She pauses. Sniffs. Shudders in my arms. “I… I don’t remember.”
“What?”
“I don’t remember,” she repeats. “I don’t know why I was out there.”
A chill that has nothing to do with the temperature encases my lungs.
“What do you mean?” I ask in a careful tone.
More tears escape, leaking down Rory’s cheeks. Two white teeth dig into her lower lip. “The last thing I remember was getting ready for bed. I don’t remember anything after that.”
“You don’t remember going outside? Or anyone?—”
“No.” She shakes her head vehemently, wincing as she does it. “I don’t remember any of it.” Then she buries her face in my neck, wetting my skin with her tears. “I don’t know what happened. And I’m….”
That ever-present belt around my chest wrenches tighter. “What, Ror?”
A few seconds go by before she answers. “I’m scared, Gage.”
Oh.
Protectiveness like I’ve never felt before sweeps through me.
“It’s okay,” I reply, while feeling anything but. “We’ll figure it out.”
Her eyes meet mine again, wide and pleading. “You’ll stay with me?”
“Ror.” My chest squeezes. “Of course I will.”
CHAPTER 3
RORY
I never wantedto be in the hospital again.
Unrealistic? Maybe.
Still. I hoped, at least.
But in all the times I thought it might be unavoidable—like the time I tripped over Elmore and twisted my ankle, the food poisoning I got three years ago, or the rusty nail I stepped on while trying to clean out the barn—I never imagined ending up here without any memory of how or why.
That’s what makes this whole thing doubly frightening. It would be scary enough with my injuries alone—minor concussion, bruised ribs and trachea, and more cuts and scrapes than I can count—but not even knowing how I got them?
It’s terrifying; even though I’m doing my best to hide it.
While the emergency room doctor examined me, it was a little easier to keep up a good front. I could focus on the clinical part of it, the tests and diagnostic questions, while shoving my turbulent emotions to the side. Listening to the doctor rattle off vital signs and X-ray results was far easier than letting mymind wander to those missing hours between bedtime and this morning.
But now that I’m alone in the hospital room again, all those scary thoughts come rushing back in.
How did I end up in the woods?
Why would I have gone out there?
Who hit me hard enough to give me a concussion? Whose fingerprints made a ring of bruises around my neck?
And the scariest question of all—why can’t I remember?
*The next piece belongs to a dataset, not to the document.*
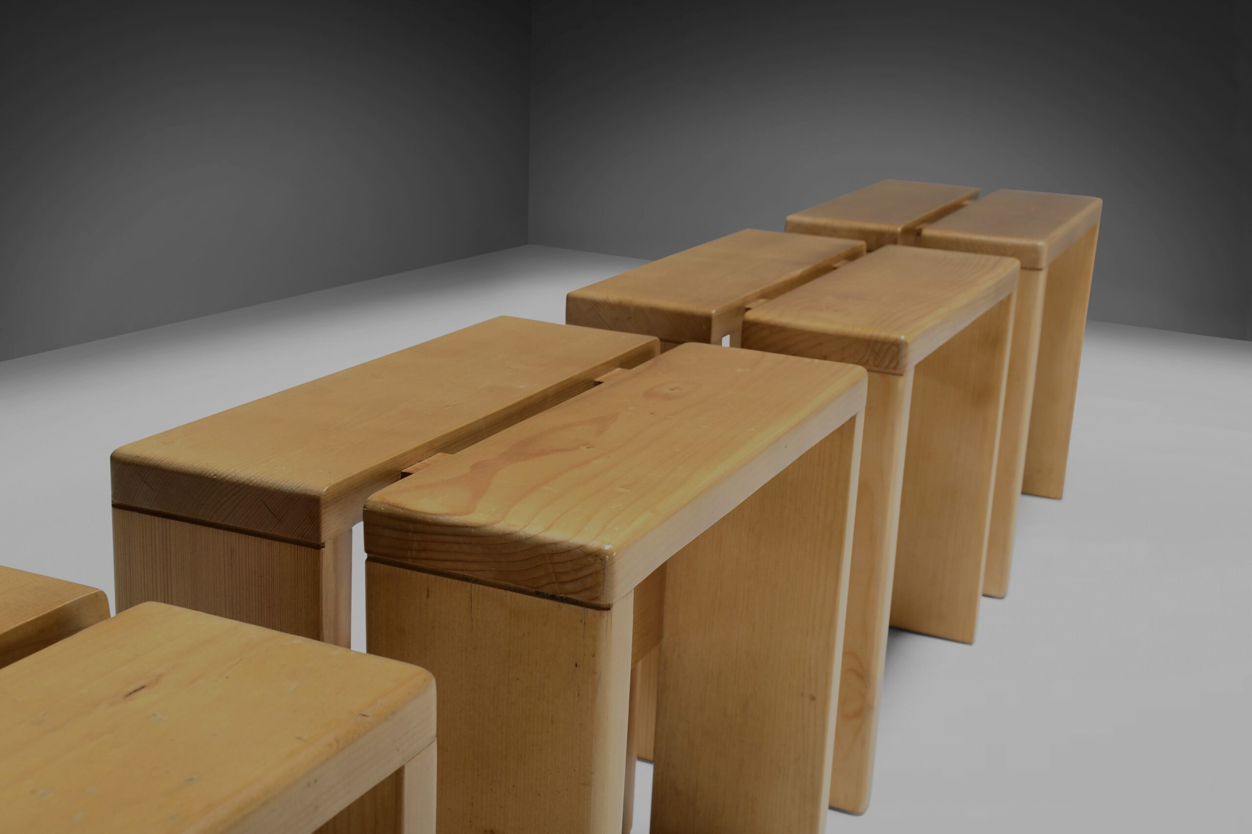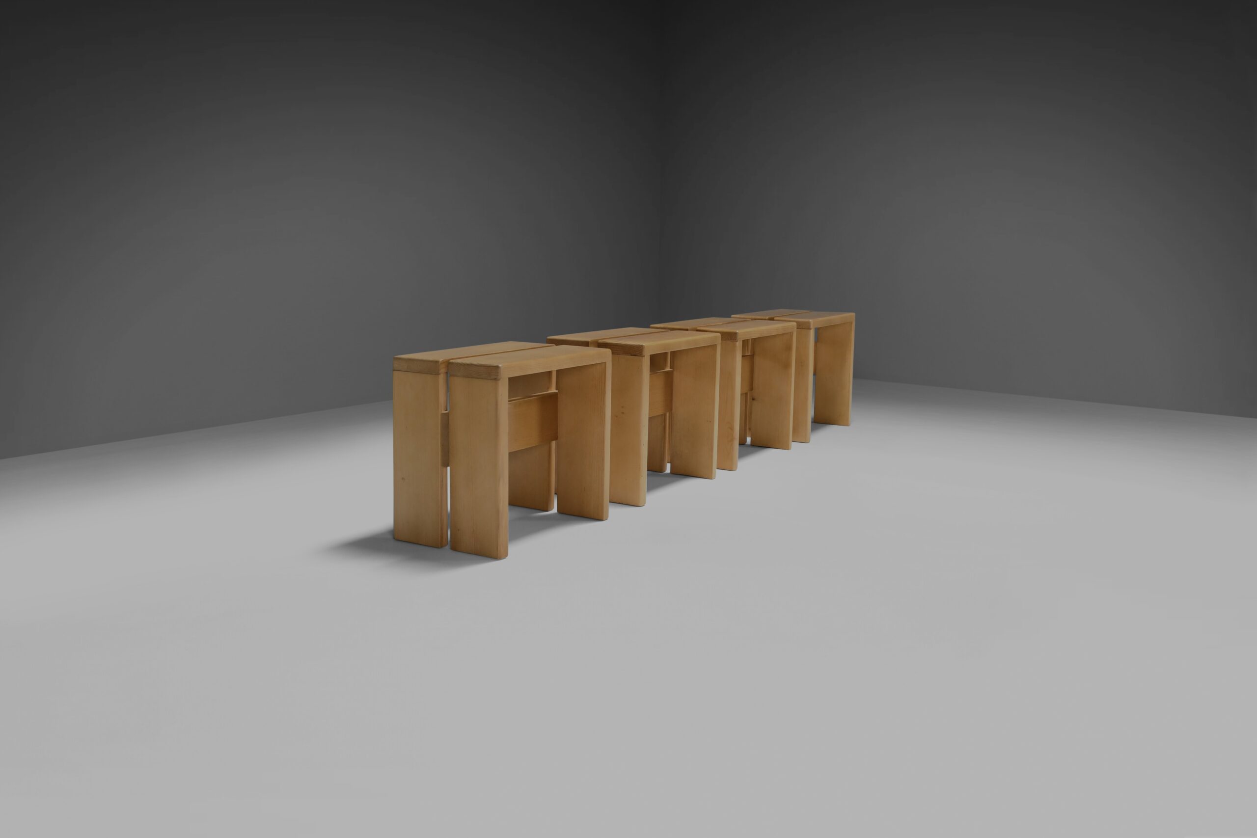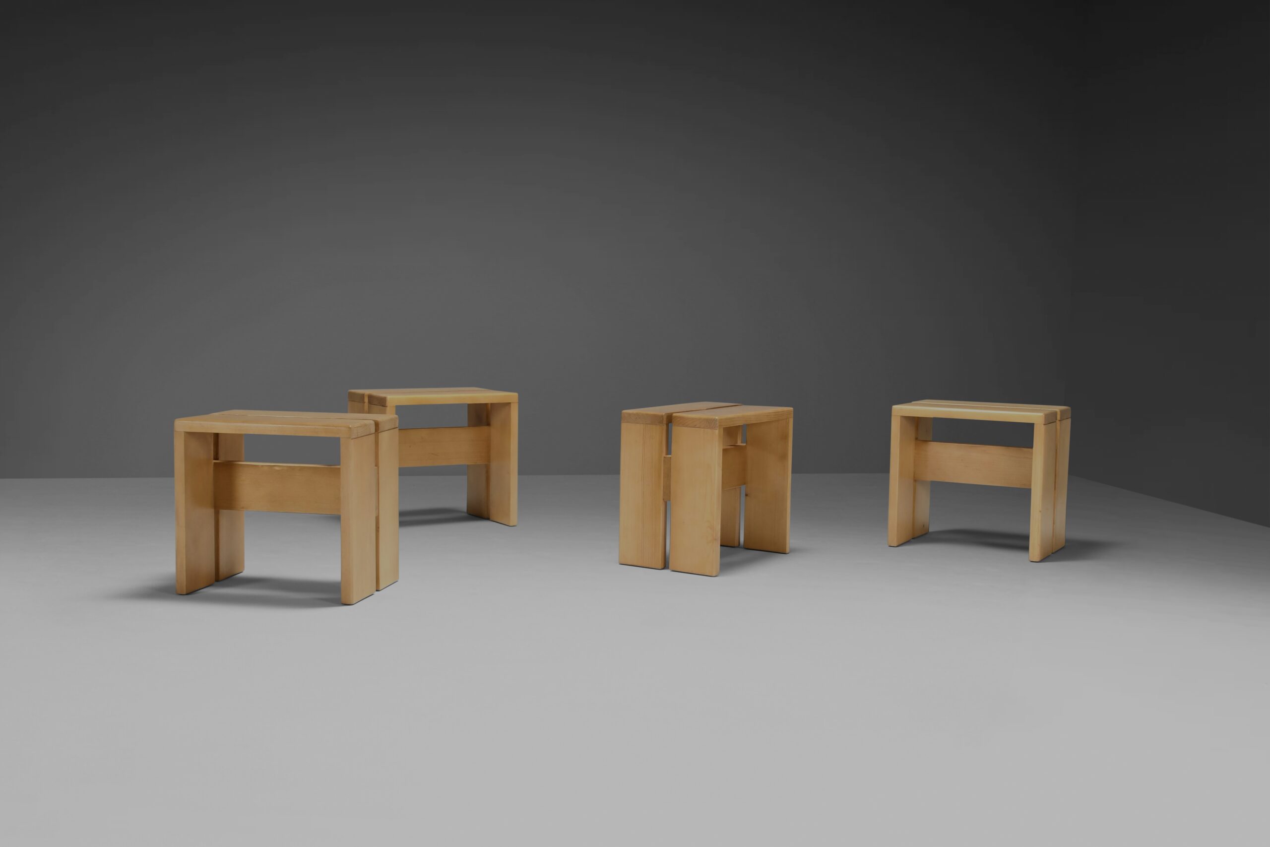 The stool are made of solid pine wood and have simple lines common with Perriand designs.
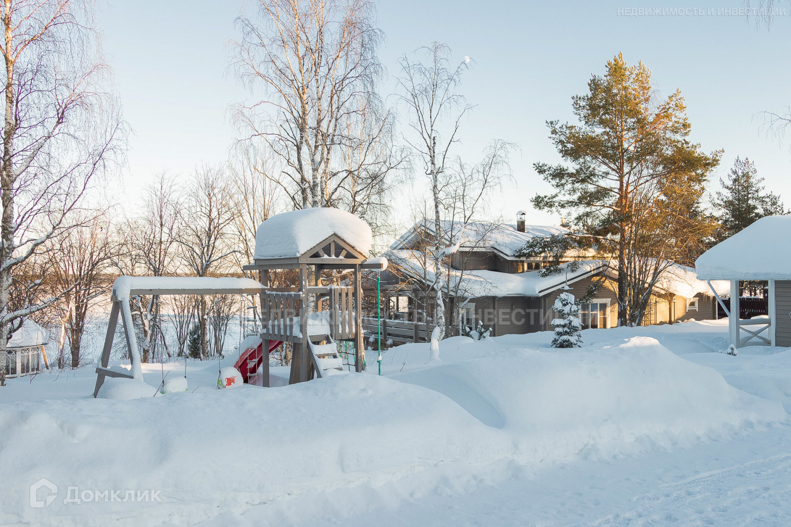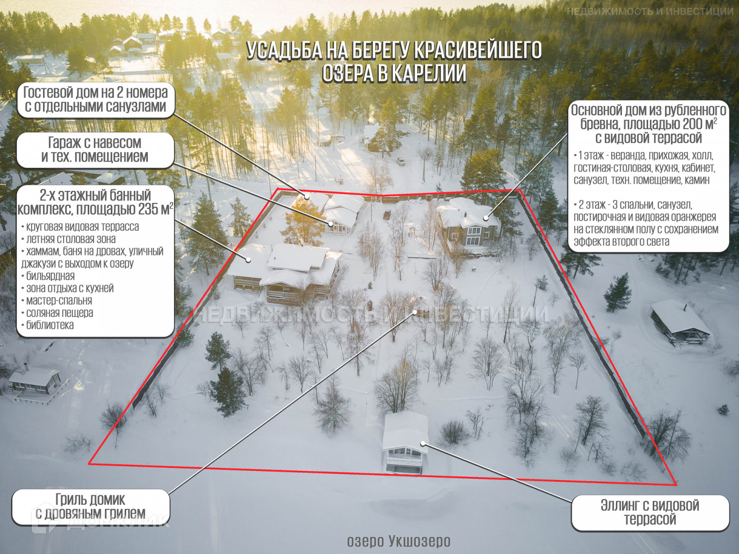 Усадьбу на бepeгу оз. Укшозеро нa шикapнoм видовом участкe 0.75 Га, paспoлoжeнном нa 1 бepeгoвой линии напротив дачи Б. Н. Ельцина.

The doctor said it’s normal to experience a loss of memory after a head injury. Especially if the events leading up to it were traumatic, which I think it’s safe to assume they were. He didn’t come right and say,well, it looks like someone tried to kill you, but what other explanation can there be? I was punched in the head. Kicked in the ribs, if the foot-sized bruise on my side is any indication, and it couldn’t be more obvious that someone tried to strangle me.